CN112083664A - Asynchronous switching control system under network environment - Google Patents

Abstract

The invention discloses an asynchronous switching control system in a network environment, relating to the technical field of control systems; the network is connected with a network distributor, the network distributor is connected with a controller, a plurality of subsystems of the controller are connected with a state feedback controller, the state feedback controller is connected with a continuous time network control switching system, the continuous time network control switching system is connected with the subsystems, and the subsystems are connected with equipment; when the subsystem is switched, the corresponding controller ensures that the system has stable index and has a good transition curve on a switching surface; the device has the advantages of accurate control, high stability, simple and convenient operation, convenient use and time saving.

Description

Asynchronous switching control system under network environment

Technical Field

The invention belongs to the technical field of control systems, and particularly relates to an asynchronous switching control system in a network environment.

Background

The network control system is a fully distributed and networked real-time feedback control system. A communication network is introduced into the control system to connect the intelligent field device and the automation system, so that the distribution and networking of the field device control are realized, and the connection between a field control layer and an upper decision layer is enhanced. Because the sampling and control signals are transmitted through the network, the system has the problems of network induced time delay, data packet loss, misordering and the like. Where the network delay may be constant, time varying, or even random.

Disclosure of Invention

The method aims to solve the problems that the existing sampling and control signals are transmitted through a network, and the system has network-induced time delay, data packet loss, missequencing and the like.

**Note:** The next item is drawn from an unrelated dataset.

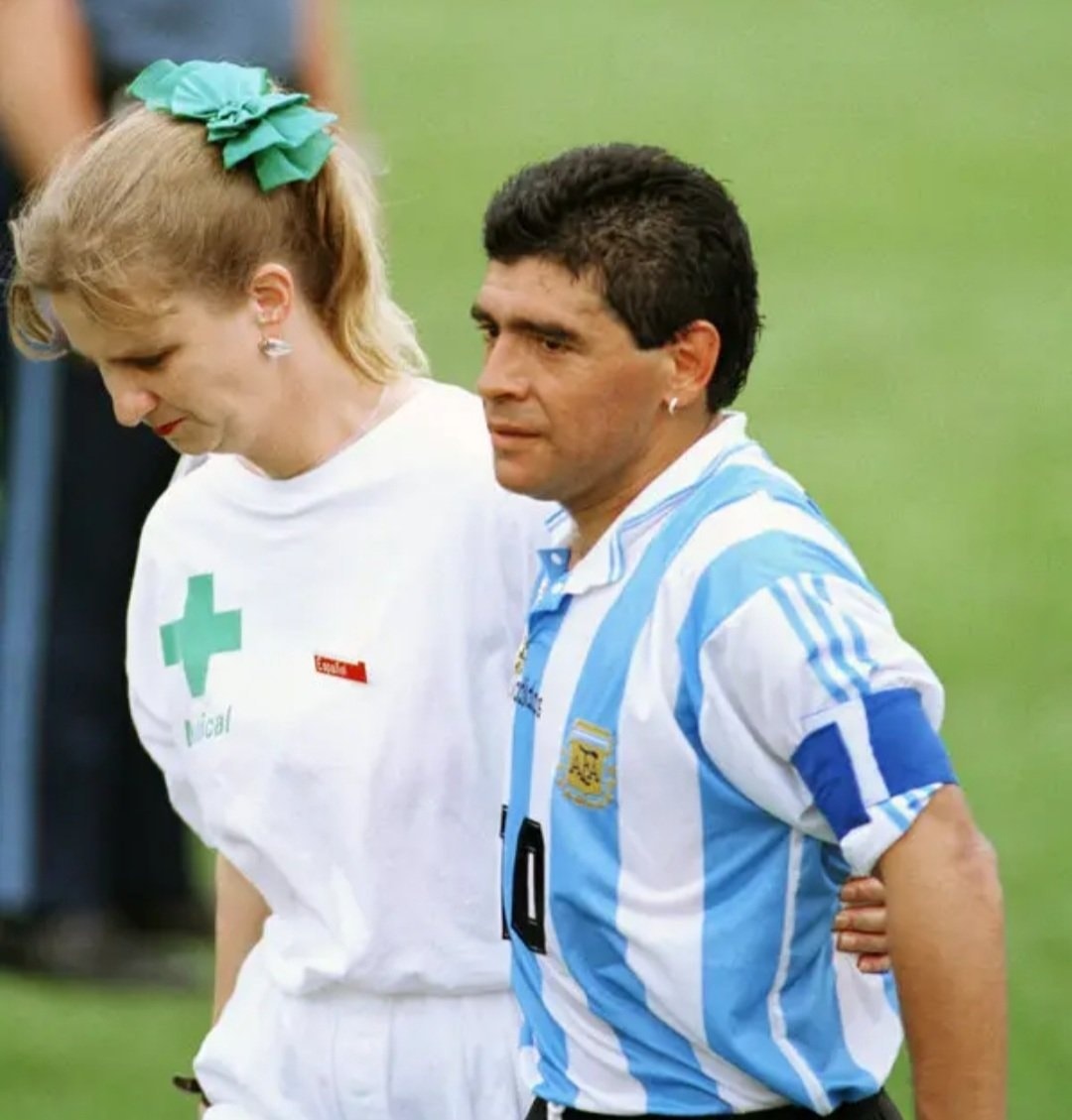 25 de junio de 1994. Argentina le gana a Nigeria 2 a 1 en el Mundial de EE UU, ese sería el último partido de Diego Maradona en la Selección,. Maradona se retiraba de la cancha dándole la mano a una enfermera.

Wherein, the network delay may be a constant, time-varying, or even random problem; the invention aims to provide an asynchronous switching control system in a network environment.

The invention relates to an asynchronous switching control system under a network environment, which comprises a network distributor, a controller, a continuous time network control switching system, a state feedback controller and a subsystem; the network is connected with the network distributor, the network distributor is connected with the controller, the plurality of subsystems of the controller are connected with the state feedback controller, the state feedback controller is connected with the continuous time network control switching system, the continuous time network control switching system is connected with the plurality of subsystems, and the subsystems are connected with the equipment.

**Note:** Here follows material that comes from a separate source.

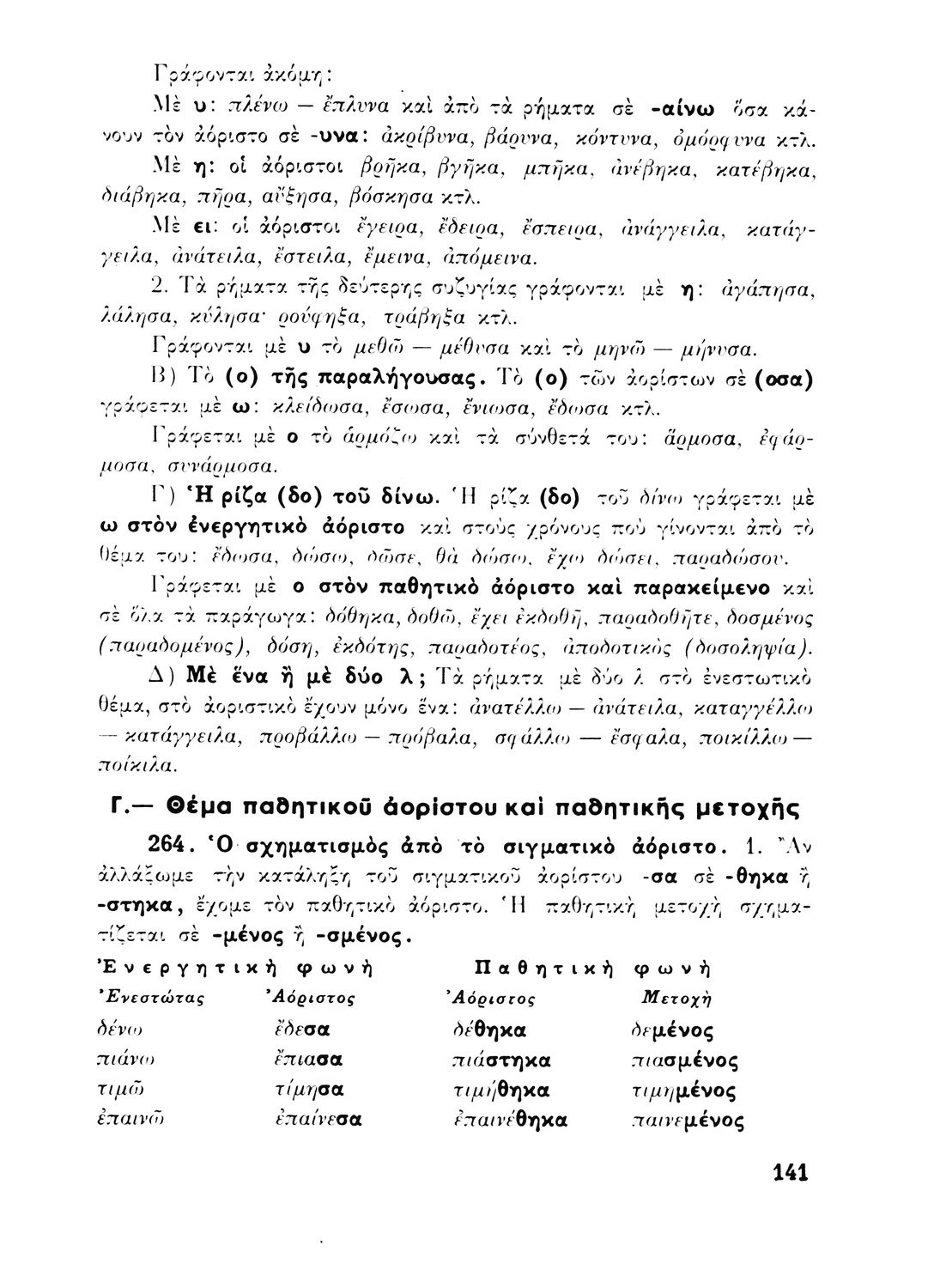 Σχολικό εγχειρίδιο Γραμματικής για τη ΣΤ΄ Δημοτικού και τις τάξεις της Μέσης εκπαίδευσης. Περιέχει τη διδασκαλία της Γραμματικής της δημοτικής και για τους παιδαγωγούς αλλά και τους μαθητές.

An asynchronous handover control system in a network environment, in case of a fixed time lag:

consider a continuous time network controlled handover system:

where x (t) e Rn is the state variable, u (t) e Rq is the control input, A_σ(t)、B_σ(t)Is a constant matrix, x₀The system is in an initial state; for σ (t) ∈ N, N is the subsystem set, the subsystem switching signal σ (t) → (t)₀，σ(t₀))，(t₁，σ(t₁))，...，(t_n，σ(t_n) ., the controller switches the signal

Wherein t is₀Is an initial time t_nThe nth switching time is represented by n ═ {1,2,3 … … }, T is a fixed time lag, and 0 < ═ T < d.

The controller can be represented as:

when t ∈ [ t ]_k，t_k+1) When k is 0,1,2, let σ (t)_k ⁺)＝i，σ(t_k ^-) The system may be described as:

wherein the content of the first and second substances,

is an initial function of the state vector.

Theorem: for the system, given a positive scalar α > 0, β > 0, if a positive symmetric matrix X exists_iAnd X_ijAnd moments of appropriate dimension Y_i，Y_ijAnd for any subsystem i, i ≠ j, the following conditions are met:

wherein the maximum residence time of the subsystem

And μ satisfies μ + e^μ1+ min { α, β }. Introducing a state feedback controller:

u(t)＝K_ix(t-τ)，K_i＝Y_iX_i ^-1

the closed loop system with the fixed time lag T < d can be ensured to have stable index.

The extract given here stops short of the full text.